Ausra established the Children Support Center in 1999 as a combination of her daily activities in professional counseling, volunteer administration, and child mentoring. The center is Lithuania's first active network of child psychology and prevention specialists. Ausra conducts training seminars for groups of five hundred people around Lithuania, including teachers, pediatricians, nurses, police and truancy officers, and lawyers. People who encounter children every day often feel helpless to affect behavioral change.

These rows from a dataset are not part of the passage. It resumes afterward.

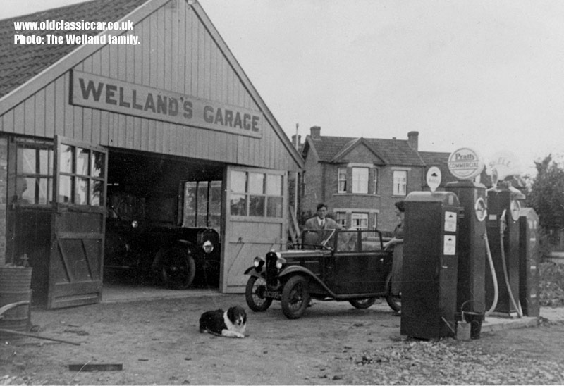This fantastic old photograph captures the moment that an Austin 7 two-seater pulls up at Welland's Garage for a spot of fuel. There are two petrol pumps - one for Shell Spirit, the other for Pratts Commercial. The pumps are flanked at either end by oil cabinets, the nearest being for Gargoyle Mobiloil while that which is furthest away I can't make out. The year was 1934, at the opening of Welland's Garage. Coincidentally the tiny two-seater Austin 7 PD, registration AOC 935, also dates to that year.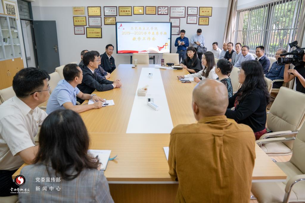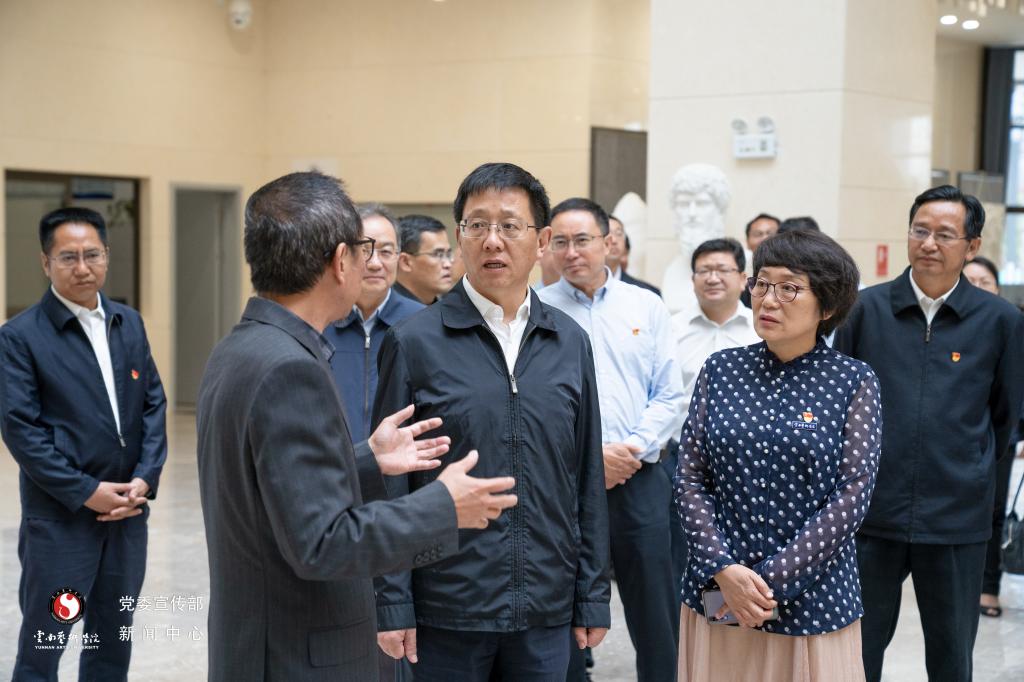 7月1日,云南省省委副书记王予波到william威廉英国官网调研马克思主义学院建设工作情况。他在调研时强调,要坚持“马院姓马,在马言马”,做习近平新时代中国特色社会主义思想的坚定信仰者、有力传播者、深入研究者、忠诚践行者。省委副秘书长张文旺,省委宣传部副部长杨正权,省委教育工委书记、省教育厅厅长周荣,省委教育工委常务副书记杨林等领导参加调研,我校党政领导陪同调研。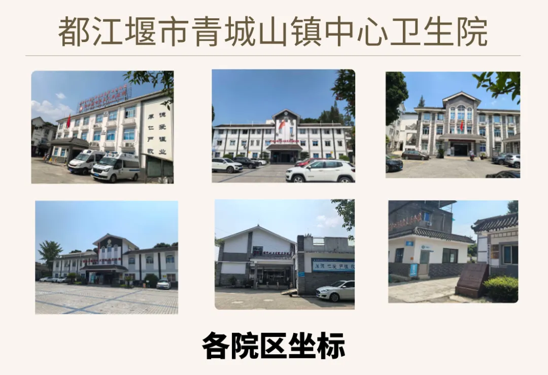 ① 青城山镇中心卫生院总院中医科(青城山镇香楠路58号)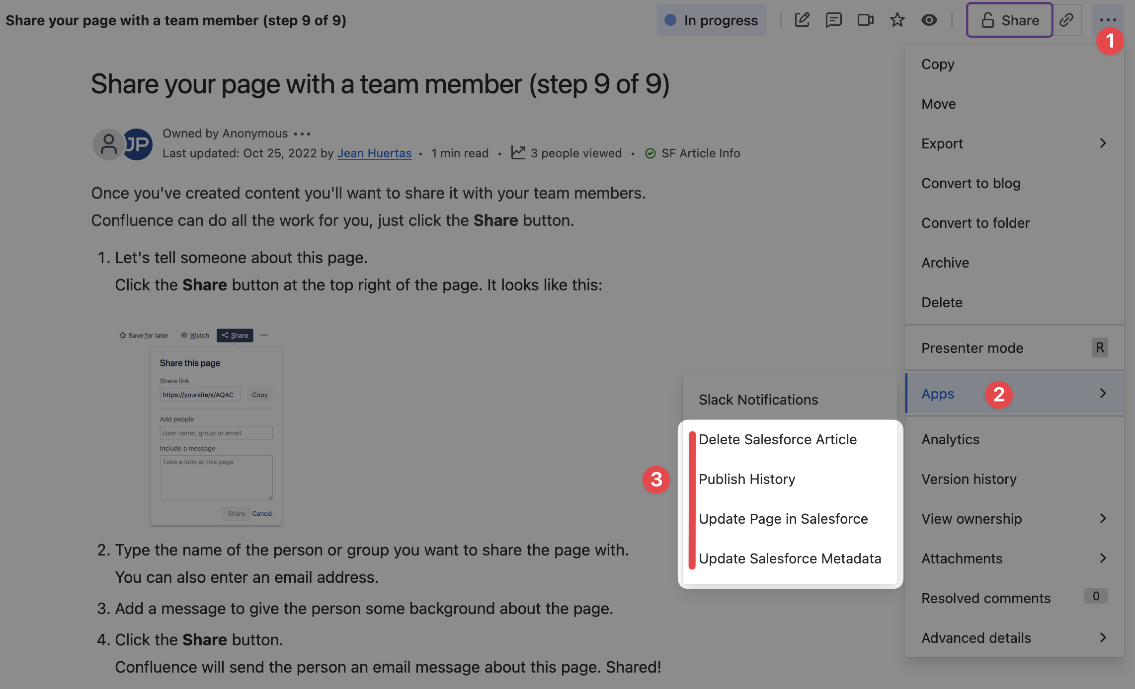 Once a Confluence page has been posted to Salesforce as Knowledge Article, either in draft mode or published mode (visible in selected channels), its reference to the Article from Salesforce (Article ID, URL) are stored in the Confluence page properties.

The training is designed to help participants understand the issues faced by and contributing to children in crisis, such as divorce, loss of a loved one, and abuse. Familiarity with children's feelings and the issues causing emotional or social problems fosters effective intervention. Ausra also works with the Ministries of Education and Science to develop new programs and partnerships to address the issues surrounding child psychology at the public level. She successfully lobbied for obligatory teacher training in building esteem and self-respect among students, teaching them necessary social and interpersonal skills to resist psychological pressures. Ausra works toward greater shared responsibility for children's well-being. She advocates that all members of the community, not just psychology professionals and parents, must support and assist children at risk of social or emotional crisis in order to promote a more secure and fruitful future for everyone. Ausra looks for and builds upon individuals' strengths to prevent, minimize, or overcome the damaging effects of social pressures and hazards to development. Her Children Support Center promotes crisis prevention at schools, facilitates cooperation through the creation of multi-disciplinary child assistance teams, educates parents in child abuse and crisis prevention, recruits volunteers for direct assistance to children in difficult life situations, and cooperates with the media and press to raise awareness about children's problems and the importance of early prevention and intervention.

The Person

For two years in high school, Ausra conducted class when there was no head teacher. During this substitution, she recognized learning difficulties in a few of her classmates, organizing a self-support group and mentoring program in response. Ausra saw the importance and absence of adult mentorship and support in the school when teachers acted defensively and cruelly toward students dealing with the loss of a classmate who had committed suicide. After completing university training in clinical psychology, Ausra started her career at the state psychiatric hospital in Vilnius. She was recognized as a leading specialist in the field of psychological diagnostics and was appointed to the Department of Juridical Expertise. The majority of Ausra's clients were young people who had committed some crime. Her work there was challenging and frustrating and she constantly dealt with the feeling that she was too late to intervene effectively because she dealt only with consequences of traumas, which were mostly irrevocable. She became the Director of Lithuania's first Big Brothers/Big Sisters program in 1995. She oversaw the program's expansion to Macedonia, Russia, Latvia, Estonia, Romania, and Bulgaria and is a member of the International Professional Advisory Board. She is also a member of the Board of Directors for the Coalition For the Safe and Healthy Child and is a member of the Advisory Board for the President of Lithuania on children's issues.